[Opening Data below section]
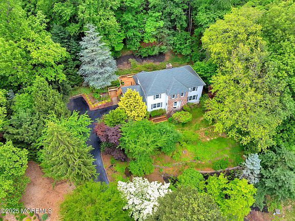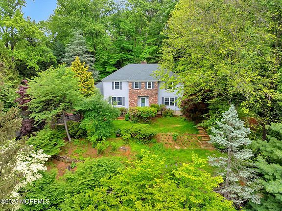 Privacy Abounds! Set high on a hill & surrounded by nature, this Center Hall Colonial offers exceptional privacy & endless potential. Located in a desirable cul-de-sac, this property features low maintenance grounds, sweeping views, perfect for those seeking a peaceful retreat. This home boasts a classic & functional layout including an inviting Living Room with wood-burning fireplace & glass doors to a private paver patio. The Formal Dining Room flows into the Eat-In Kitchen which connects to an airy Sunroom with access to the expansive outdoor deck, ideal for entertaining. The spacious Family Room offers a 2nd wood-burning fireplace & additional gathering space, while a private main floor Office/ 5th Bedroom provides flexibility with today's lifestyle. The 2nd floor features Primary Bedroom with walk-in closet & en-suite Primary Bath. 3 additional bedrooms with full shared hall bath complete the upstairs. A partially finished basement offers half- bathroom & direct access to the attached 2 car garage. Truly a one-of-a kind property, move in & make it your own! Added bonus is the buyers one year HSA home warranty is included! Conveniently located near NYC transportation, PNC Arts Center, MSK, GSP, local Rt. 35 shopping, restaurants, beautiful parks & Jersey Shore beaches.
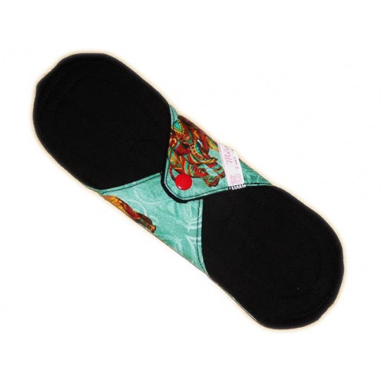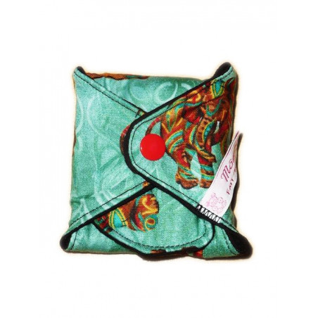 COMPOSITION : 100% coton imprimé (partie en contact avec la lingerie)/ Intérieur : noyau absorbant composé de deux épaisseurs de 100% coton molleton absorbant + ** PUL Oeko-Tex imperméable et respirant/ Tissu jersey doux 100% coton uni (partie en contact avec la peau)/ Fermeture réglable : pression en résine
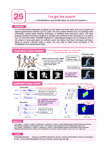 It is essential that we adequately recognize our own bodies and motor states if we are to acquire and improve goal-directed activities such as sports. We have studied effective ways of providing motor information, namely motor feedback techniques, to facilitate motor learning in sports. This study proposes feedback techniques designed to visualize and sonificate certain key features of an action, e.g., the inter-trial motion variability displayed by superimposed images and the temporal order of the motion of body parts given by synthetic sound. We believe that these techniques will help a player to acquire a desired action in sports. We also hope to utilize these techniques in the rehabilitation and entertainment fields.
[Closing Data below section]
The response must restate each line of the material above exactly and contain no images.

**Solved exercise**
 Privacy Abounds! Set high on a hill & surrounded by nature, this Center Hall Colonial offers exceptional privacy & endless potential. Located in a desirable cul-de-sac, this property features low maintenance grounds, sweeping views, perfect for those seeking a peaceful retreat. This home boasts a classic & functional layout including an inviting Living Room with wood-burning fireplace & glass doors to a private paver patio. The Formal Dining Room flows into the Eat-In Kitchen which connects to an airy Sunroom with access to the expansive outdoor deck, ideal for entertaining. The spacious Family Room offers a 2nd wood-burning fireplace & additional gathering space, while a private main floor Office/ 5th Bedroom provides flexibility with today's lifestyle. The 2nd floor features Primary Bedroom with walk-in closet & en-suite Primary Bath. 3 additional bedrooms with full shared hall bath complete the upstairs. A partially finished basement offers half- bathroom & direct access to the attached 2 car garage. Truly a one-of-a kind property, move in & make it your own! Added bonus is the buyers one year HSA home warranty is included! Conveniently located near NYC transportation, PNC Arts Center, MSK, GSP, local Rt. 35 shopping, restaurants, beautiful parks & Jersey Shore beaches.
 COMPOSITION : 100% coton imprimé (partie en contact avec la lingerie)/ Intérieur : noyau absorbant composé de deux épaisseurs de 100% coton molleton absorbant + ** PUL Oeko-Tex imperméable et respirant/ Tissu jersey doux 100% coton uni (partie en contact avec la peau)/ Fermeture réglable : pression en résine
 It is essential that we adequately recognize our own bodies and motor states if we are to acquire and improve goal-directed activities such as sports. We have studied effective ways of providing motor information, namely motor feedback techniques, to facilitate motor learning in sports. This study proposes feedback techniques designed to visualize and sonificate certain key features of an action, e.g., the inter-trial motion variability displayed by superimposed images and the temporal order of the motion of body parts given by synthetic sound. We believe that these techniques will help a player to acquire a desired action in sports. We also hope to utilize these techniques in the rehabilitation and entertainment fields.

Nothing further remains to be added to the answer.